◆ **Assignment**
Print only the lines from the one with "คุกกี้วงกลมบางกรอบ ที่หอม กรอบนุ่ม" through the end of the data, exactly, and please omit pictures.

(Dataset records)

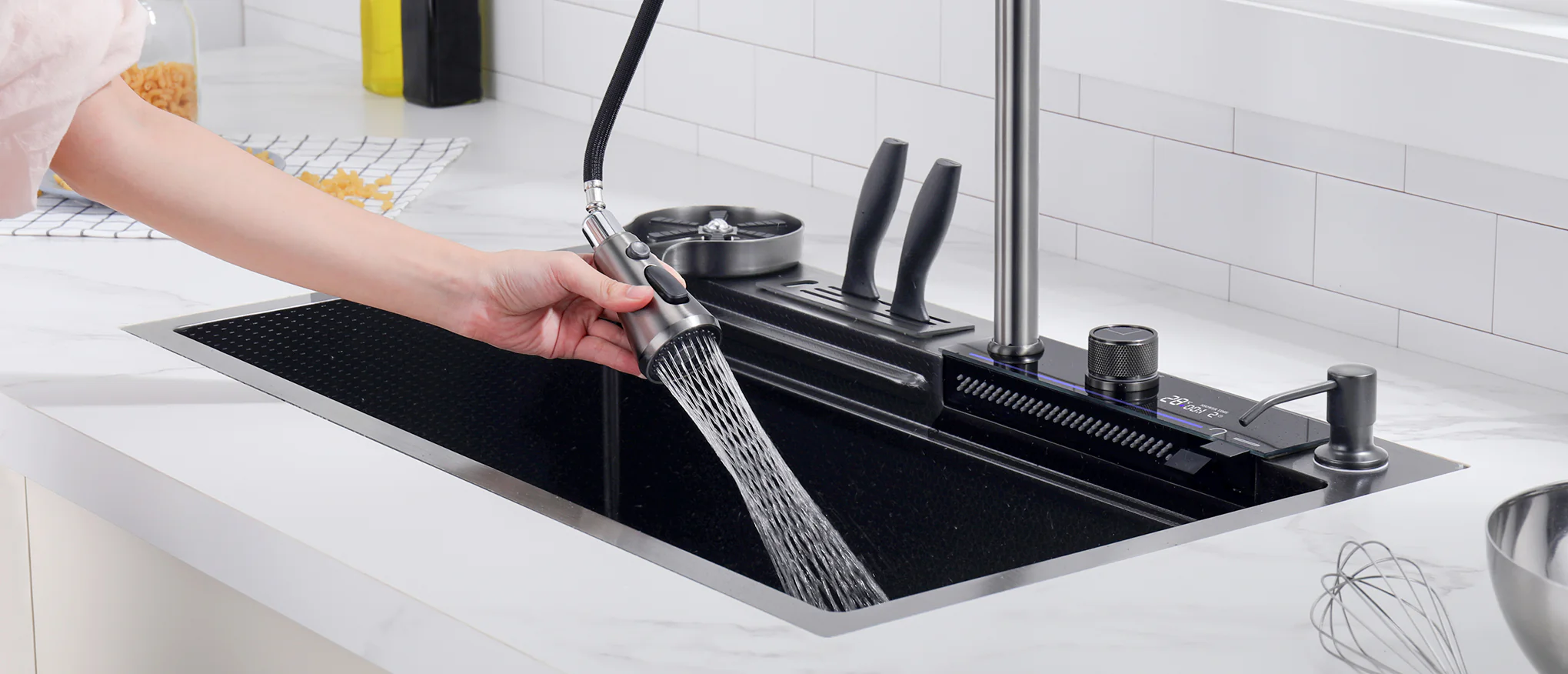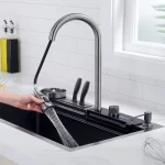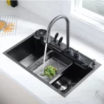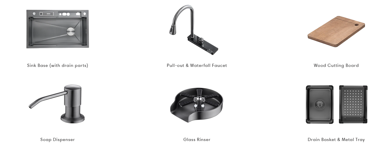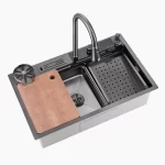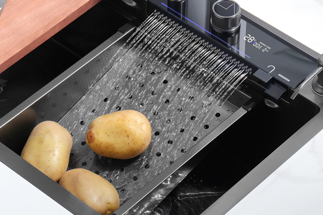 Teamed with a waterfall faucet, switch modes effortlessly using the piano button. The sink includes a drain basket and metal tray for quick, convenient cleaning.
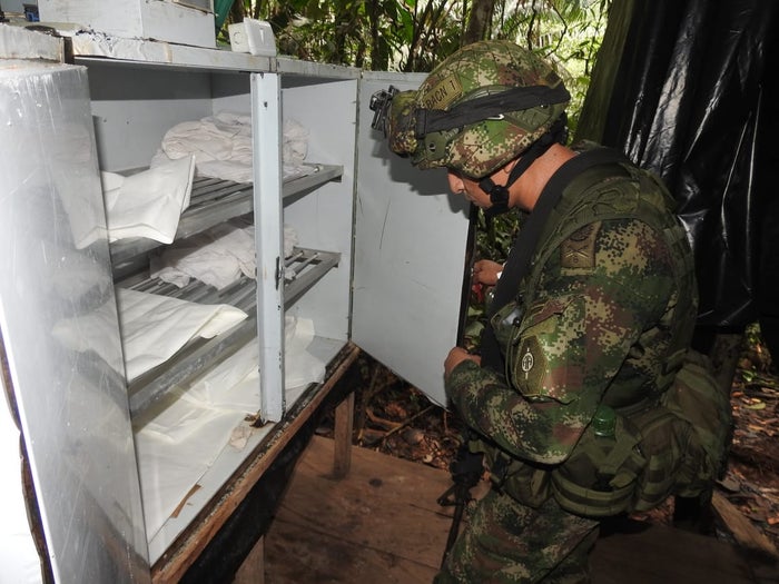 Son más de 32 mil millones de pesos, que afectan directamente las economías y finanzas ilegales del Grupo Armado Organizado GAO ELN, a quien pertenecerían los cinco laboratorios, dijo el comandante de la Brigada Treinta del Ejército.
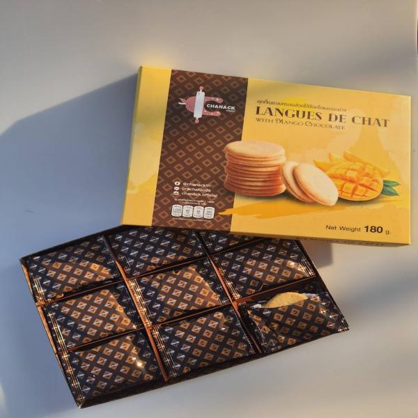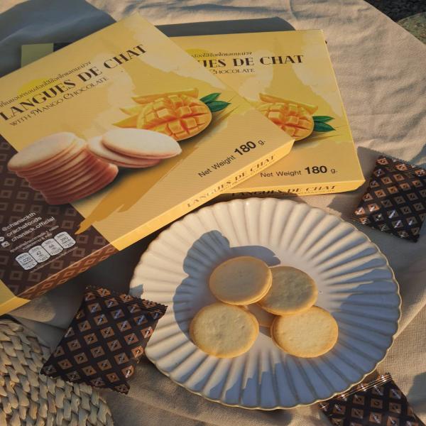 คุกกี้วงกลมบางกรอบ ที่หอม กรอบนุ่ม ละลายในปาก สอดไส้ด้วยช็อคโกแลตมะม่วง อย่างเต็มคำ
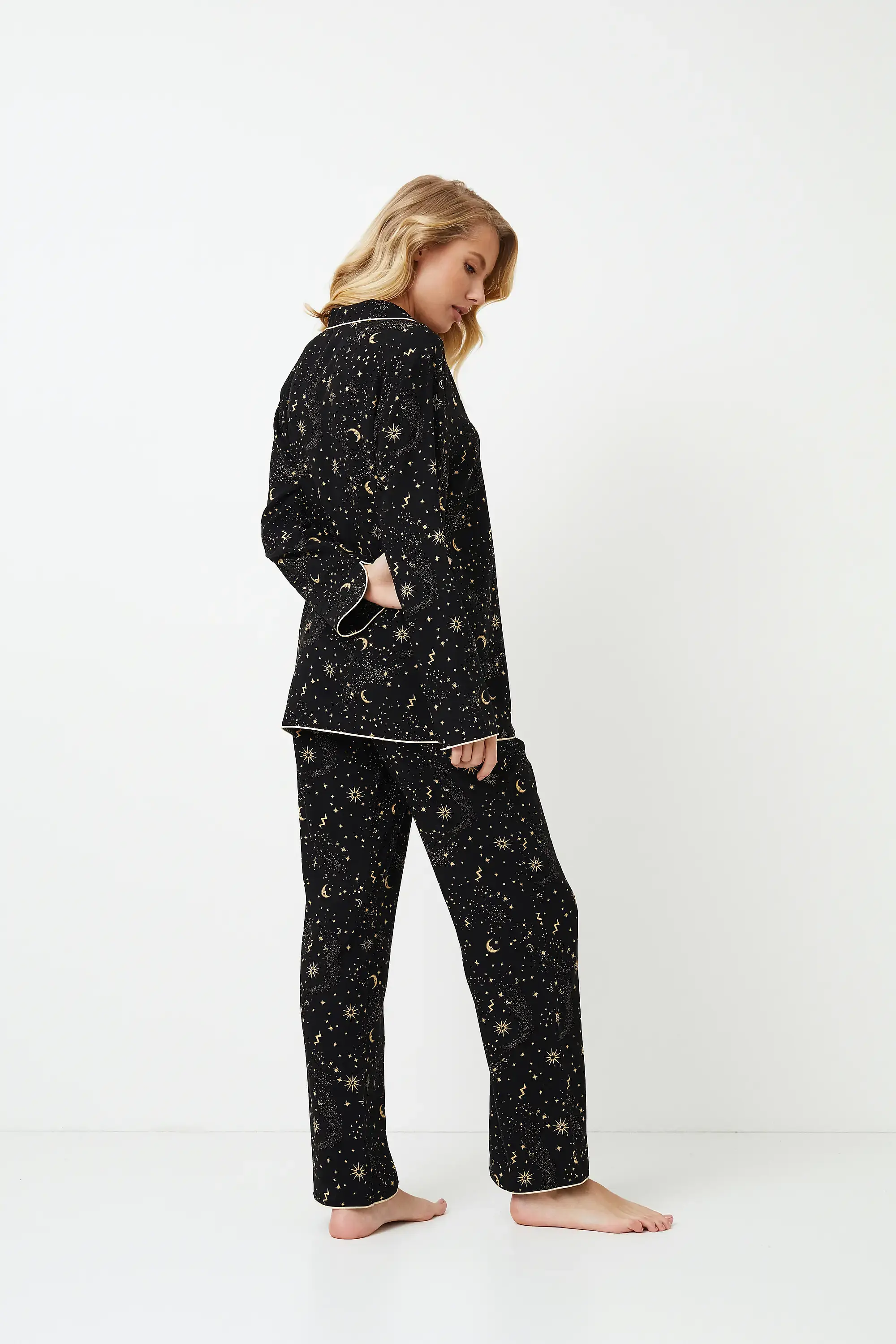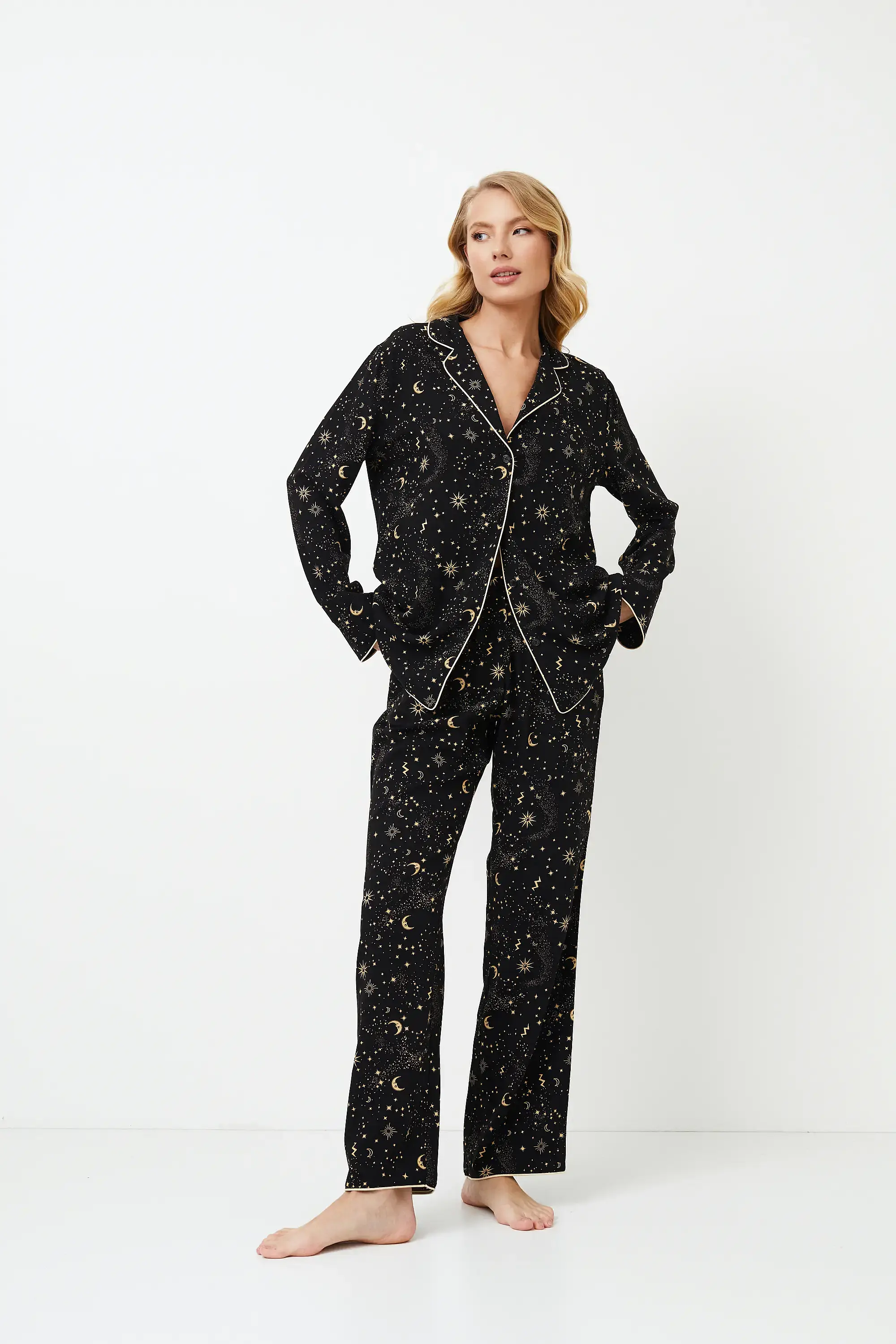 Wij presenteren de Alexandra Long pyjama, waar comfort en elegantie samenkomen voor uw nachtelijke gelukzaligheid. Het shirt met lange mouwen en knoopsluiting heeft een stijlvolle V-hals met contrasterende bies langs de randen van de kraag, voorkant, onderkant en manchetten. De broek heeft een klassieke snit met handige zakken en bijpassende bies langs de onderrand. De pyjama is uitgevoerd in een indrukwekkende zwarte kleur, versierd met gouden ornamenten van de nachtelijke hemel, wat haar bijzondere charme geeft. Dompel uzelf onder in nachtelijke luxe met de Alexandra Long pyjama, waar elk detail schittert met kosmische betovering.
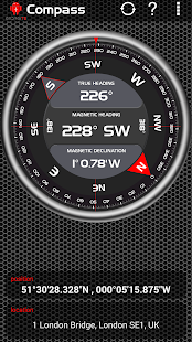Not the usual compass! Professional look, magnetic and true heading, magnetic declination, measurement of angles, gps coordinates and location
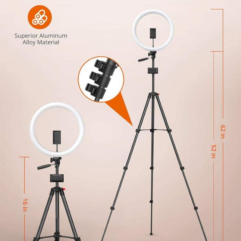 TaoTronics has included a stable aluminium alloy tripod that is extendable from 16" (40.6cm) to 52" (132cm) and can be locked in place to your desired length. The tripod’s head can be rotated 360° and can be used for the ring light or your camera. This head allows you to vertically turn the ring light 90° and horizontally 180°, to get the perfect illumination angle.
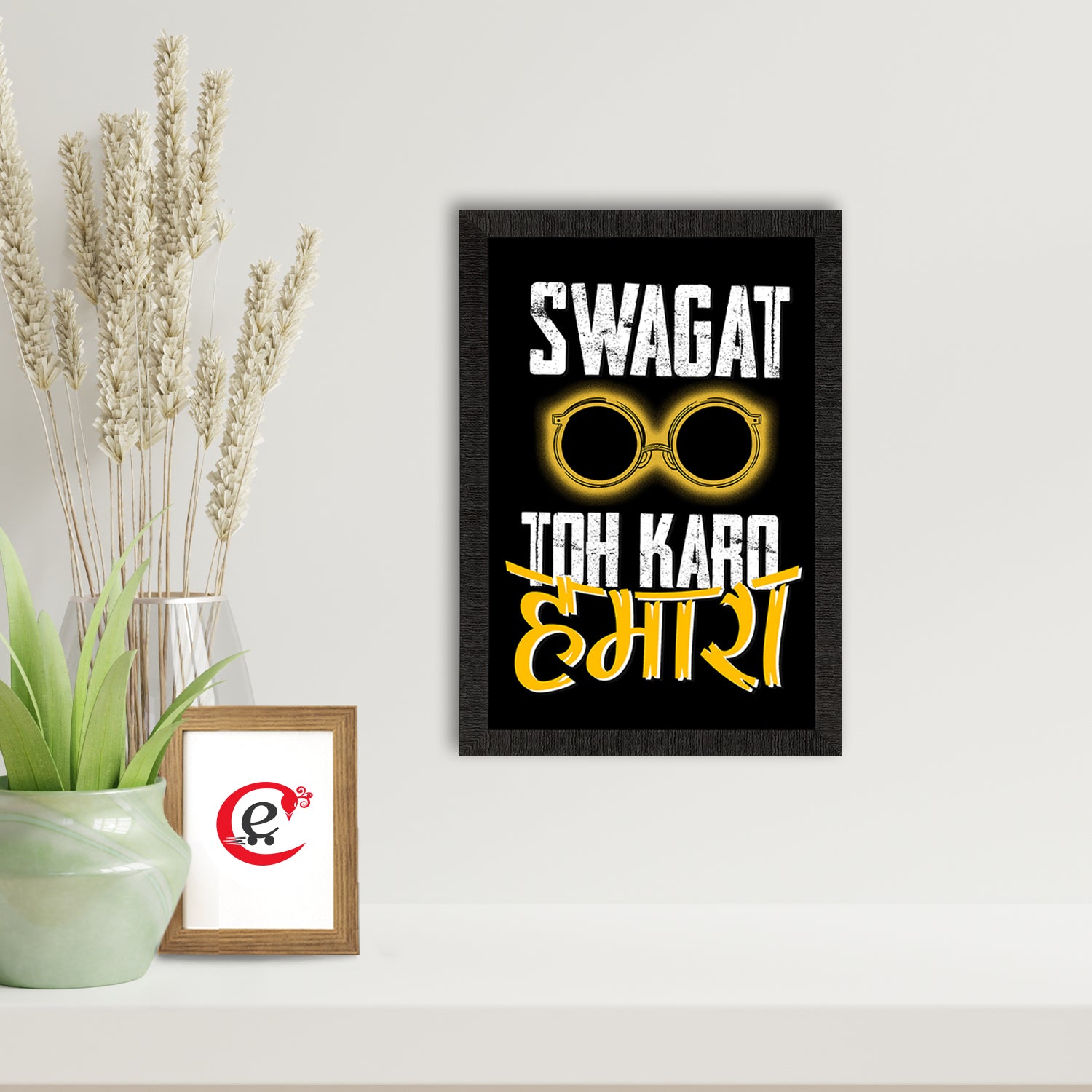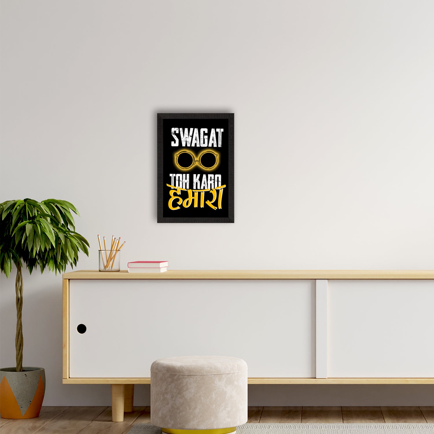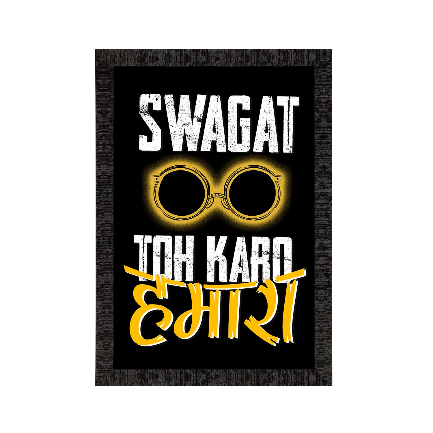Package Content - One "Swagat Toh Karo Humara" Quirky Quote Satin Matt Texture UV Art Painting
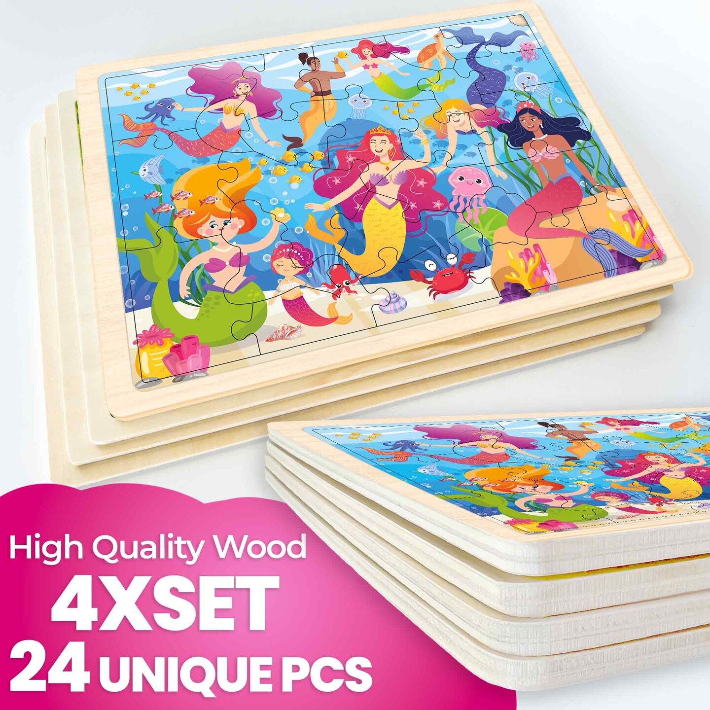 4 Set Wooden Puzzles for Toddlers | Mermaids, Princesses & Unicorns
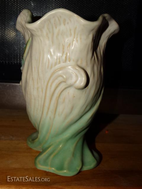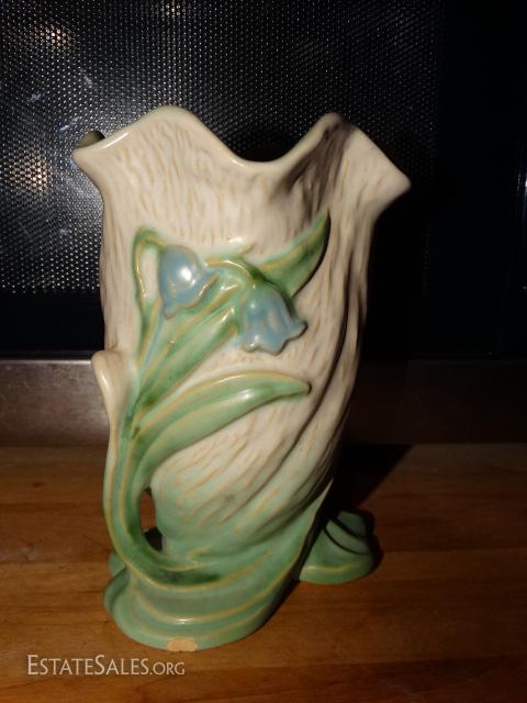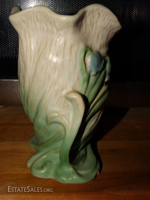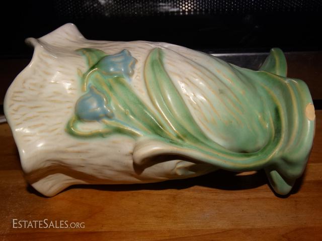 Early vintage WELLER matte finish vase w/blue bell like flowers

◆ **Task output**
 คุกกี้วงกลมบางกรอบ ที่หอม กรอบนุ่ม ละลายในปาก สอดไส้ด้วยช็อคโกแลตมะม่วง อย่างเต็มคำ
 Wij presenteren de Alexandra Long pyjama, waar comfort en elegantie samenkomen voor uw nachtelijke gelukzaligheid. Het shirt met lange mouwen en knoopsluiting heeft een stijlvolle V-hals met contrasterende bies langs de randen van de kraag, voorkant, onderkant en manchetten. De broek heeft een klassieke snit met handige zakken en bijpassende bies langs de onderrand. De pyjama is uitgevoerd in een indrukwekkende zwarte kleur, versierd met gouden ornamenten van de nachtelijke hemel, wat haar bijzondere charme geeft. Dompel uzelf onder in nachtelijke luxe met de Alexandra Long pyjama, waar elk detail schittert met kosmische betovering.
Not the usual compass! Professional look, magnetic and true heading, magnetic declination, measurement of angles, gps coordinates and location
 TaoTronics has included a stable aluminium alloy tripod that is extendable from 16" (40.6cm) to 52" (132cm) and can be locked in place to your desired length. The tripod’s head can be rotated 360° and can be used for the ring light or your camera. This head allows you to vertically turn the ring light 90° and horizontally 180°, to get the perfect illumination angle.
Package Content - One "Swagat Toh Karo Humara" Quirky Quote Satin Matt Texture UV Art Painting
 4 Set Wooden Puzzles for Toddlers | Mermaids, Princesses & Unicorns
 Early vintage WELLER matte finish vase w/blue bell like flowers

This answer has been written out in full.